Work order:
Leaving out all pictures, restate word for word the lines from the one with "Sam is on the" through the last line of the entries.

#### Material for this exercise

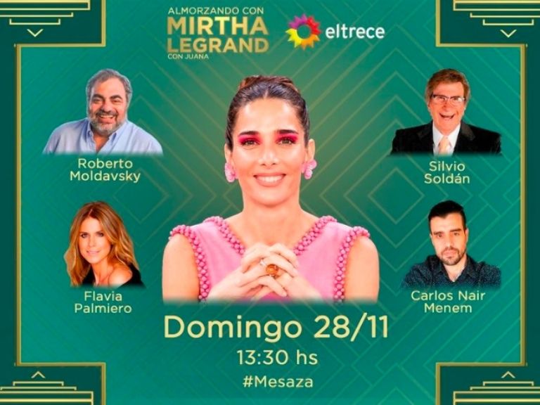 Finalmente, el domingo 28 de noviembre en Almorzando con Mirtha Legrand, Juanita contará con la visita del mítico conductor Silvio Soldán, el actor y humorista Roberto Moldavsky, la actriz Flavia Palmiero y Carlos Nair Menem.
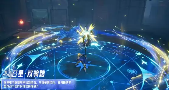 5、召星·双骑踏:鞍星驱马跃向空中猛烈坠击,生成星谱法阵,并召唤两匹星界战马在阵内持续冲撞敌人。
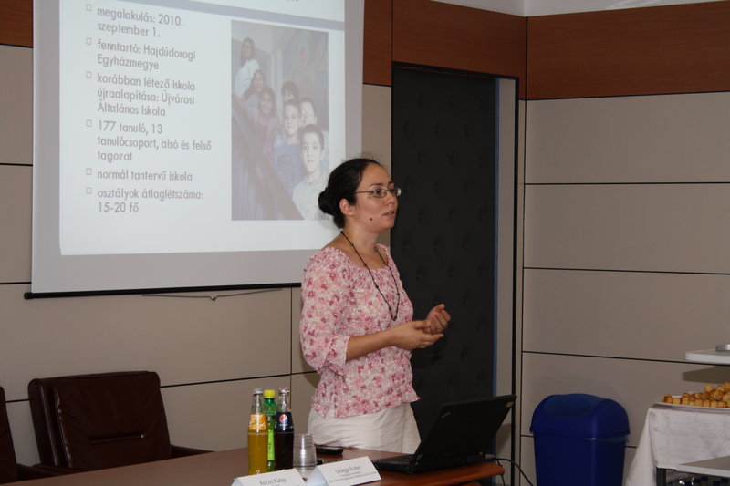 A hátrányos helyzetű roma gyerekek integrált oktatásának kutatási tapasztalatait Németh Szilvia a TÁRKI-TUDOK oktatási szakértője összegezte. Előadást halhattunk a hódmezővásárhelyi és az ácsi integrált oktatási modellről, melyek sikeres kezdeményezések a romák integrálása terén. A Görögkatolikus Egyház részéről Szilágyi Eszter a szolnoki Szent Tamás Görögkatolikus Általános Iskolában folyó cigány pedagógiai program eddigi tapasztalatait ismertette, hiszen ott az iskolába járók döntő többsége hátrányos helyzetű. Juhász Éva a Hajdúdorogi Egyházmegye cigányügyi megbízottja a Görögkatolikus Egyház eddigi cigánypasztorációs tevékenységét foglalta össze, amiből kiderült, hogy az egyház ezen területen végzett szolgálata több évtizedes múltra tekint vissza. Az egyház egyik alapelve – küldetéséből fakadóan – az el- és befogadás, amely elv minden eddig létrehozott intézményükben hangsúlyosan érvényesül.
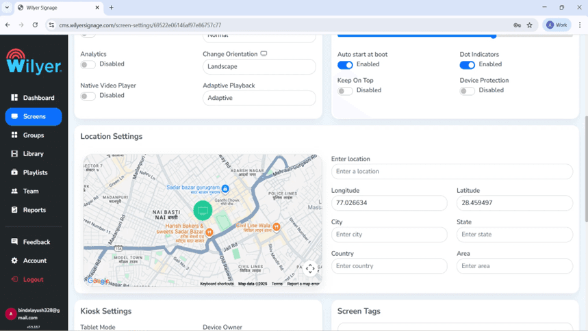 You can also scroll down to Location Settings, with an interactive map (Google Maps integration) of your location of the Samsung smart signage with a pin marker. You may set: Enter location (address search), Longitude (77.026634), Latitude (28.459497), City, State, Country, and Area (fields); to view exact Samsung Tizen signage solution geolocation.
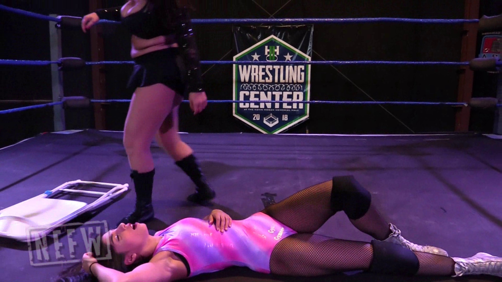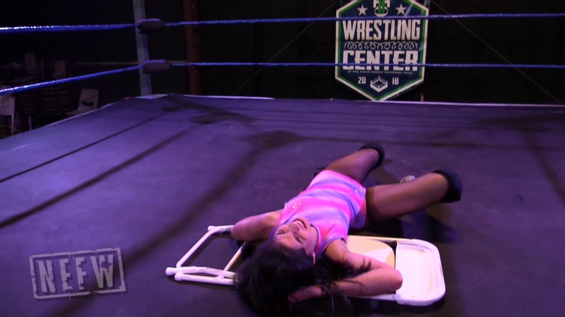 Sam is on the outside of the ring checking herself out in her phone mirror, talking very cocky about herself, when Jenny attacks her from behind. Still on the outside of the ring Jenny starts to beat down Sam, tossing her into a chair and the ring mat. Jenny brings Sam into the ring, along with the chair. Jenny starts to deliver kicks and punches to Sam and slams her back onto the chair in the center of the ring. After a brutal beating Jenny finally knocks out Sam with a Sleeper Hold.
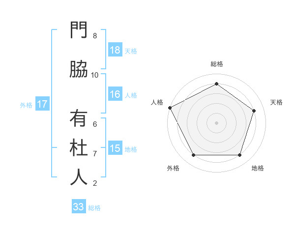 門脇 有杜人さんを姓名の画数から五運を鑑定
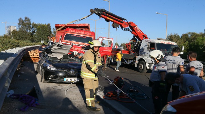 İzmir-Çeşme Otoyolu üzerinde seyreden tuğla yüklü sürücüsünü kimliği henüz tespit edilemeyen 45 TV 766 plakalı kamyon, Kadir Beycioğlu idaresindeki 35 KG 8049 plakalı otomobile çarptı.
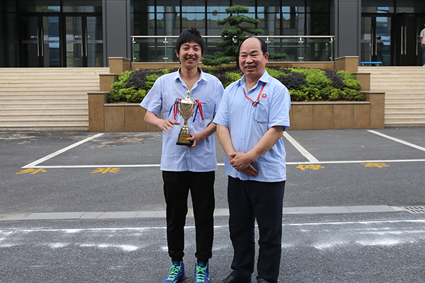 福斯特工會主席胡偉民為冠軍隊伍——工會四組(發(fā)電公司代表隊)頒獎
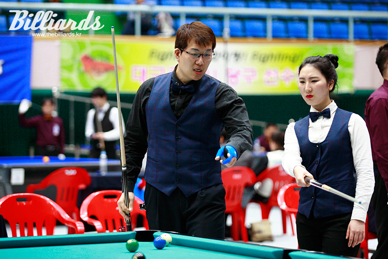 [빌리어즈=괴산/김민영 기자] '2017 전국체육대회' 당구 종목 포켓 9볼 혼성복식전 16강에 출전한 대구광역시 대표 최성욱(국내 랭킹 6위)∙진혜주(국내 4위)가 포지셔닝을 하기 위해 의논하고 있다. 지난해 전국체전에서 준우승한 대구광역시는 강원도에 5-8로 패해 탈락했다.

########

Solution:
 Sam is on the outside of the ring checking herself out in her phone mirror, talking very cocky about herself, when Jenny attacks her from behind. Still on the outside of the ring Jenny starts to beat down Sam, tossing her into a chair and the ring mat. Jenny brings Sam into the ring, along with the chair. Jenny starts to deliver kicks and punches to Sam and slams her back onto the chair in the center of the ring. After a brutal beating Jenny finally knocks out Sam with a Sleeper Hold.
 門脇 有杜人さんを姓名の画数から五運を鑑定
 İzmir-Çeşme Otoyolu üzerinde seyreden tuğla yüklü sürücüsünü kimliği henüz tespit edilemeyen 45 TV 766 plakalı kamyon, Kadir Beycioğlu idaresindeki 35 KG 8049 plakalı otomobile çarptı.
 福斯特工會主席胡偉民為冠軍隊伍——工會四組(發(fā)電公司代表隊)頒獎
 [빌리어즈=괴산/김민영 기자] '2017 전국체육대회' 당구 종목 포켓 9볼 혼성복식전 16강에 출전한 대구광역시 대표 최성욱(국내 랭킹 6위)∙진혜주(국내 4위)가 포지셔닝을 하기 위해 의논하고 있다. 지난해 전국체전에서 준우승한 대구광역시는 강원도에 5-8로 패해 탈락했다.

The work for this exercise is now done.